On 7 Jan 2016, at 16:32, Guido van Rossum <guido@python.org> wrote:
Personally I'm perplexed that Requests, which claims to be "HTTP for Humans" doesn't take care of this but just lets http/client.py blow up. (However, IIUC both 2838 and 1822 are about the body.encode() call in Python 3's http/client.py at _send_request(). 1926 seems to originate in Requests itself; it's also Python 2.7.)
The main reason is historical: this was missed in the original (substantial) rewrite in requests 2.0, and as a result we can’t change it without a backward compat break, just the same as Python. We’ll probably fix it in 3.0. Cory

Den 2016-01-07 kl. 17:46, skrev Cory Benfield:
So as things stand: * The general consensus seems to be that the raised error should be changed to something like: TypeError("Unicode string supplied without an explicit encoding") * Python would like to change http.client to reject unicode input with an exception, but won't because of backwards compatibility * Requests would like to do the same but won't because of backwards compatibility I think it will be very hard to find code that breaks because of a type change in the exception when sending invalid data. On the other hand, it's VERY easy to find people that are affected by the confusing error currently in use everywhere. When a backward compatible change makes life easier for 99.9% of users, and 0.1% of users need to debug a TypeError with a very clear error message (which was probably a bug in their code to begin with), I'm starting to question having a policy that strict. /Emil

On Thu, Jan 7, 2016 at 10:50 AM, Emil Stenström <em@kth.se> wrote:
What policy are you referring to? I don't think anyone objects against making the error message clearer. The objection is against rejecting unicode strings that in the past would have been successfully encoded using Latin-1. I'm not sure whether it's a good idea to change the exception type from TypeError to UnicodeError -- the exception is really related to Unicode so keeping UnicodeError but changing the message sounds like the right thing to do. And this can be done independently in both Requests and the stdlib. -- --Guido van Rossum (python.org/~guido)

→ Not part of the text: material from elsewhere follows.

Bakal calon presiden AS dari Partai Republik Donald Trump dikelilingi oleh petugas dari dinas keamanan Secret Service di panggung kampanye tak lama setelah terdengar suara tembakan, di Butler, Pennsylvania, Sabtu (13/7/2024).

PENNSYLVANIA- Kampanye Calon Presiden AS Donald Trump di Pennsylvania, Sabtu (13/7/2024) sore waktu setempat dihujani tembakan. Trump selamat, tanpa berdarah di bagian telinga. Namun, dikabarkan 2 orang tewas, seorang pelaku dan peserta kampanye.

On Thursday, January 7, 2016 11:05 AM, Guido van Rossum <guido@python.org> wrote:
I'm not sure whether it's a good idea to change the exception type from TypeError to UnicodeError -- the exception is really related to Unicode so keeping UnicodeError but changing the message sounds like the right thing to do. And this can be done independently in both Requests and the stdlib. That sounds like a good idea. A UnicodeEncodeError (or subclass of it?) with text like "HTTP body without encoding defaults to 'latin-1', which can't encode character '\u5555' in position 30: ordinal not in range(256)") would be pretty simple to implement, and would help a lot more than the current text. (And, for those who still can't figure it out, being a unique error message means that within a few days of the change, googling it should get a relevant StackOverflow answer, which isn't true for the generic encoding error message.)
Requests could get fancier. For example, if the string starts with "{", make the error message ask if maybe they wanted to use json=obj instead of data=json.dumps(obj). But I think that wouldn't be appropriate for the stdlib. (Especially since http.client doesn't have a json parameter...) But then it sounds like Requests is planning to remove implicitly-Latin-1 strings via data= anyway in 3.0, which would solve the problem more simply.

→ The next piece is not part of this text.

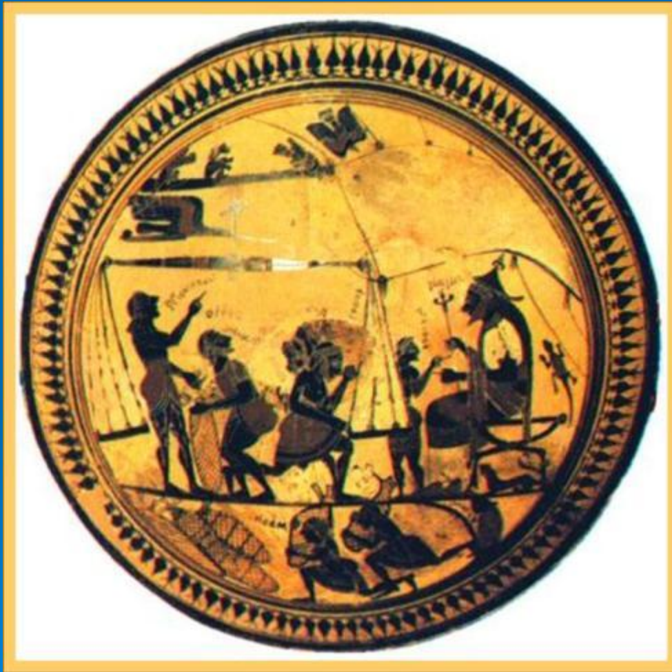
Разгрузка финикийского корабля

Den 2016-01-07 kl. 20:04, skrev Guido van Rossum:
What policy are you referring to?
I was reading https://www.python.org/dev/peps/pep-0387/#backwards-compatibility-rules, which specifies "raised exceptions", but I see now that it's only a draft.
Then I misunderstood, sorry.
Agreed. I would also suggest adding the suggestion of encoding in "utf-8" specifically which is most likely what will fix the problem. As time goes by and more and more legacy systems disappear, this advise will become truer each year. /Emil

On Jan 7, 2016, at 11:40, Emil Stenström <em@kth.se> wrote:
Agreed. I would also suggest adding the suggestion of encoding in "utf-8" specifically which is most likely what will fix the problem. As time goes by and more and more legacy systems disappear, this advise will become truer each year.
I disagree. Services that take raw, unformatted text as HTTP bodies and do something useful with it are disappearing in general, not changing the encoding they use for that raw, unformatted text from Latin-1 to UTF-8. And they were never that common in the first place. So we shouldn't be making it easier to send raw, unformatted text as UTF-8; we should be making it easier to send JSON, form-encoded, multipart, XML, etc. Which, again, Requests already does.

Den 2016-01-07 kl. 21:24, skrev Guido van Rossum:
It's time that someone files a tracker issue so we can move the remaining discussion there.
Here is the relevant issue: http://bugs.python.org/issue26045 /Emil

Den 2016-01-07 kl. 21:04, skrev Andrew Barnert:
I just wrote a service like this last week. It takes raw unformatted text and returns part-of-speech tags for the text as JSON. That's common for NLP services that structure unstructured text. The rationale for accepting POST body is simply that it makes it very simple to call the service from curl: curl http://example.com -d "string here" So there's no reason these kinds of services would be disappearing. Let's continue the discussion in the bug tracker: http://bugs.python.org/issue26045 /Emil

On Thu, Jan 7, 2016, at 07:59, Steven D'Aprano wrote:
Sure, but it includes a content-type header with a charset parameter. I think the behavior of encoding text but not including a charset parameter is fundamentally broken. If the user supplies a charset parameter, it should try to use the matching encoding, otherwise it should pick an encoding (whether that is "always UTF-8" or some other rule) and add the charset parameter.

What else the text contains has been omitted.